Looking at the struct for the Relocation entry, Type and Sym. value/Sym. Name aren’t amongst its attributes.

However, the man page for elf left a hint as to where we can find them,

When the text refers to a relocation entry’s relocation type or symbol table index, it means the result of applying ELF[32|64]_R_TYPE or ELF[32|64]_R_SYM, respectively, to the entry’s r_info member.

What does it mean exactly?

So basically ELF[32|64]_R_TYPE and ELF[32|64]_R_SYM are defined as macros, which take r_info as a parameter, and the result from each marco is the Type and Sym. Name respectively.

Below are the definition of both macros, we will pick the 64-bit version since this helloworld program is in 64-bit.

elf.h

1
2
#define ELF64_R_SYM(i)			((i) >> 32)
#define ELF64_R_TYPE(i) ((i) & 0xffffffff)

Take the reloation entry for puts for example, put 000200000007 in place of i in ((i) >> 32), the result is 2. This is an index into the symbol table below. puts right sitting at the second index there, and its value can be retrieved as well in one go.

1
2
3
4
5
6
7
8
9
10
11
readelf -s helloworld

Symbol table '.dynsym' contains 7 entries:
Num: Value Size Type Bind Vis Ndx Name
0: 0000000000000000 0 NOTYPE LOCAL DEFAULT UND
1: 0000000000000000 0 NOTYPE WEAK DEFAULT UND _ITM_deregisterTMCloneTab
2: 0000000000000000 0 FUNC GLOBAL DEFAULT UND puts@GLIBC_2.2.5 (2)
3: 0000000000000000 0 FUNC GLOBAL DEFAULT UND __libc_start_main@GLIBC_2.2.5 (2)
4: 0000000000000000 0 NOTYPE WEAK DEFAULT UND __gmon_start__
5: 0000000000000000 0 NOTYPE WEAK DEFAULT UND _ITM_registerTMCloneTable
6: 0000000000000000 0 FUNC WEAK DEFAULT UND __cxa_finalize@GLIBC_2.2.5 (2)

Next, the Type.

Put 000200000007 in place of i in the second macro ((i) & 0xffffffff), the result is 7.
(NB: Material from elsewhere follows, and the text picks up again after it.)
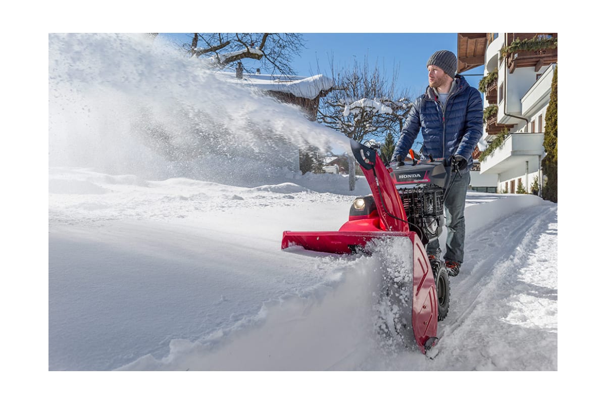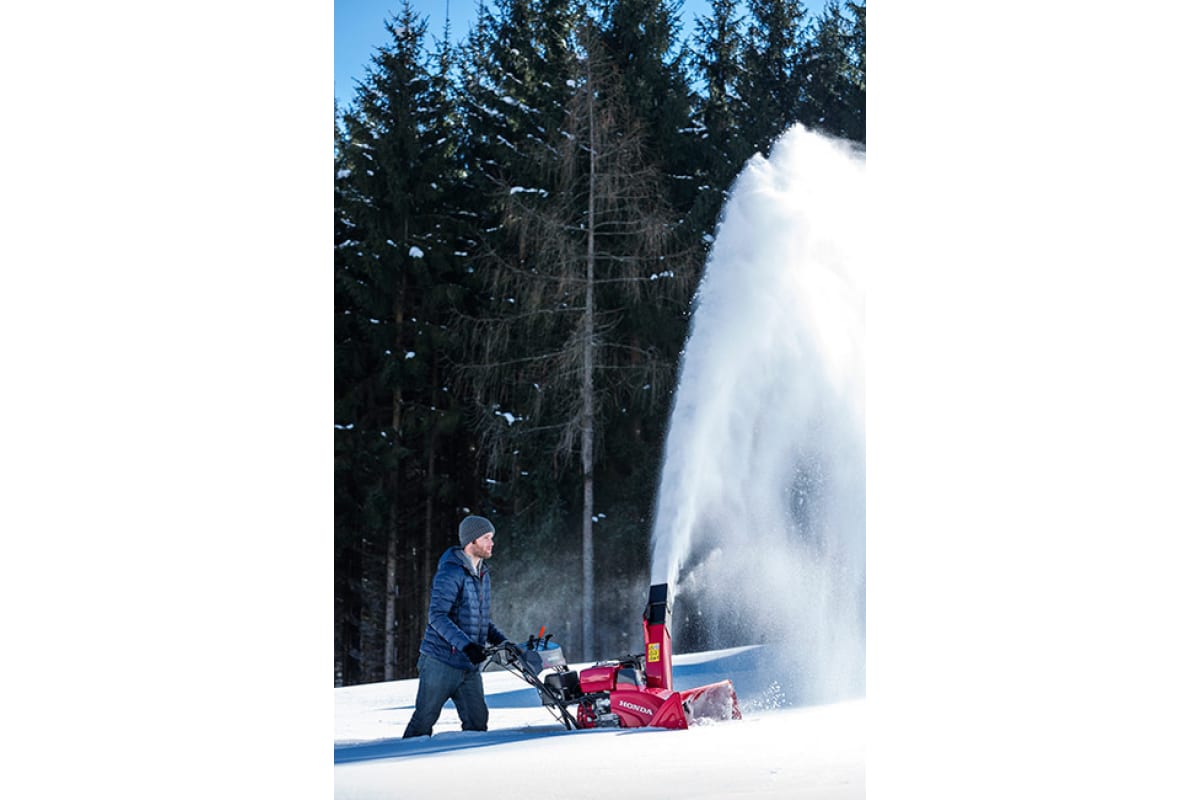 Бензиновый снегоотбрасыватель Honda HSS970A ETD за один проход очищает от снега полосу шириной 71 см. Боковые лыжи позволяют отрегулировать высоту положения ковша. Направление выброса снега регулируется при помощи механического привода. Максимальная дальность выброса составляет 16 м.

Look up this number in the following table, the type is R_X86_64_JUMP_SLOT.

elf.h

1
2
3
4
5
6
7
8
9
10
11
/* AMD x86-64 relocations.  */
#define R_X86_64_NONE 0 /* No reloc */
#define R_X86_64_64 1 /* Direct 64 bit */
#define R_X86_64_PC32 2 /* PC relative 32 bit signed */
#define R_X86_64_GOT32 3 /* 32 bit GOT entry */
#define R_X86_64_PLT32 4 /* 32 bit PLT address */
#define R_X86_64_COPY 5 /* Copy symbol at runtime */
#define R_X86_64_GLOB_DAT 6 /* Create GOT entry */
#define R_X86_64_JUMP_SLOT 7 /* Create PLT entry */
#define R_X86_64_RELATIVE 8 /* Adjust by program base */
#define R_X86_64_GOTPCREL 9 /* 32 bit signed PC relative

Hope you enjoyed.


What is a symbol?

A symbol is a name assigned to an entity in your code.
A variable name is a symbol, a function name is a symbol, it is basically a tag to a thing.
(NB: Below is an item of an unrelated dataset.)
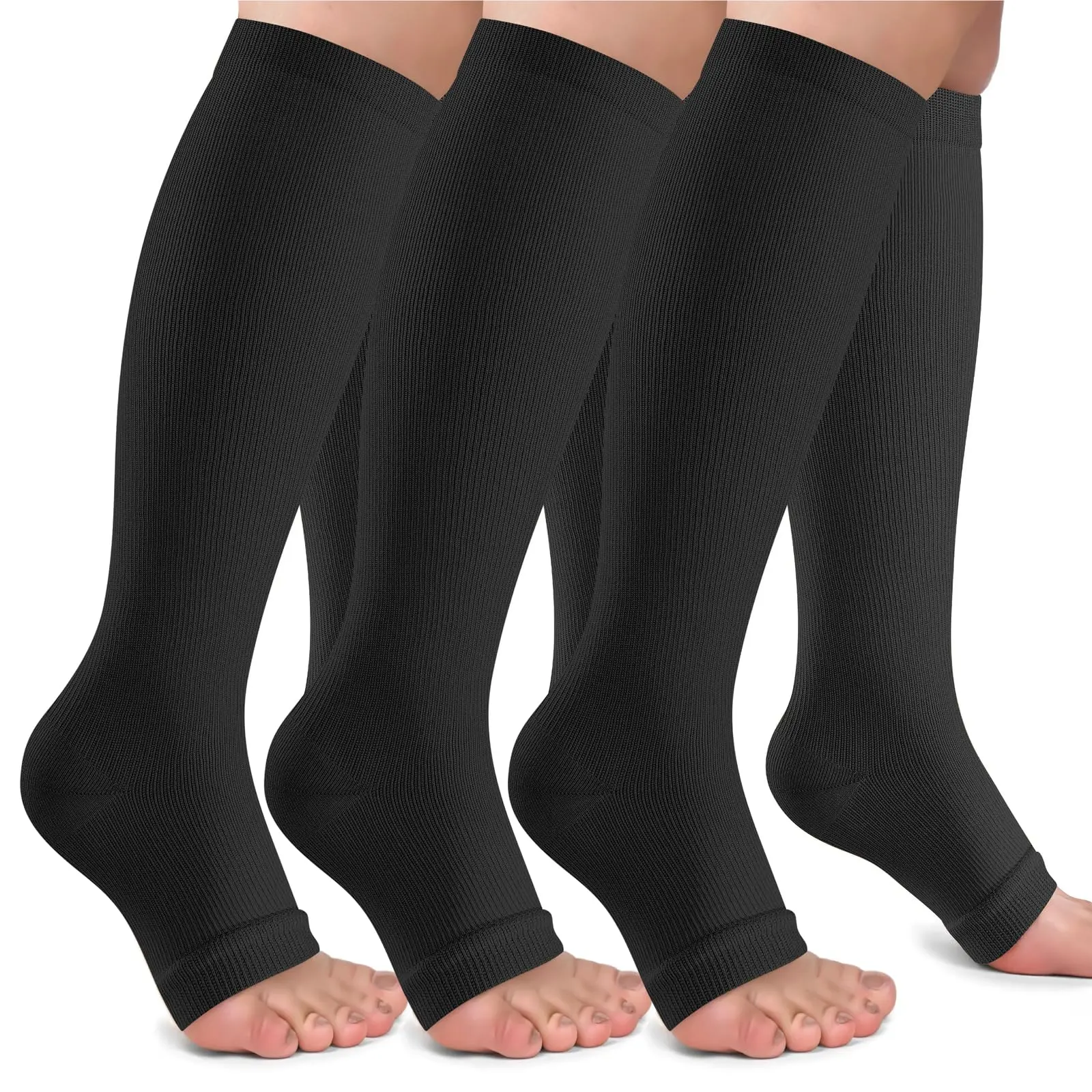 Open Toe Compression Socks Women & Men-3 Pairs 20-30 mmHg Knee High Stockings for Circulation Support

What is a Relocation Table?

A Relocation Table is a table that tells a linker which location in the code needs to be patched with the symbol’s real memory address. So in the final machine code, when the CPU needs to access the value of a symbol, it just go to that memory address. This is the only thing it cares about.

Put it in the real world, it is not possible to find Sam Smith’s home by just saying “Sending this letter to Sam’s house”. The address has to be physical.

Same story for programming. You got the point.